### WHAT YOU ARE ASKED TO DO
All of the data must be returned exactly as given.

*** Opening of DATA RECORDS ***

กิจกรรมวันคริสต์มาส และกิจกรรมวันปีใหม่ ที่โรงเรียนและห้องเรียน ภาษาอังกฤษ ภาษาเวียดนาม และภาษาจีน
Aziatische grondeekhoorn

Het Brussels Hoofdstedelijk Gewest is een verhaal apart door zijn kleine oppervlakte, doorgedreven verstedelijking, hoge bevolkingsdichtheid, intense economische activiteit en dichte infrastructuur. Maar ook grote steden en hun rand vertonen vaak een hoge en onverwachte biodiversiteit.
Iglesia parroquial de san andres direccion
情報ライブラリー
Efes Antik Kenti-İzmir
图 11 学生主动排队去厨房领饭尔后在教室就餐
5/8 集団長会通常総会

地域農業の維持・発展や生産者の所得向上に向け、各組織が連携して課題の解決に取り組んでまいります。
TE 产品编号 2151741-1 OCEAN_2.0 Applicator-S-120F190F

*** Close of DATA RECORDS ***

### RESPONSE AREA
กิจกรรมวันคริสต์มาส และกิจกรรมวันปีใหม่ ที่โรงเรียนและห้องเรียน ภาษาอังกฤษ ภาษาเวียดนาม และภาษาจีน
Aziatische grondeekhoorn

Het Brussels Hoofdstedelijk Gewest is een verhaal apart door zijn kleine oppervlakte, doorgedreven verstedelijking, hoge bevolkingsdichtheid, intense economische activiteit en dichte infrastructuur. Maar ook grote steden en hun rand vertonen vaak een hoge en onverwachte biodiversiteit.
Iglesia parroquial de san andres direccion
情報ライブラリー
Efes Antik Kenti-İzmir
图 11 学生主动排队去厨房领饭尔后在教室就餐
5/8 集団長会通常総会

地域農業の維持・発展や生産者の所得向上に向け、各組織が連携して課題の解決に取り組んでまいります。
TE 产品编号 2151741-1 OCEAN_2.0 Applicator-S-120F190F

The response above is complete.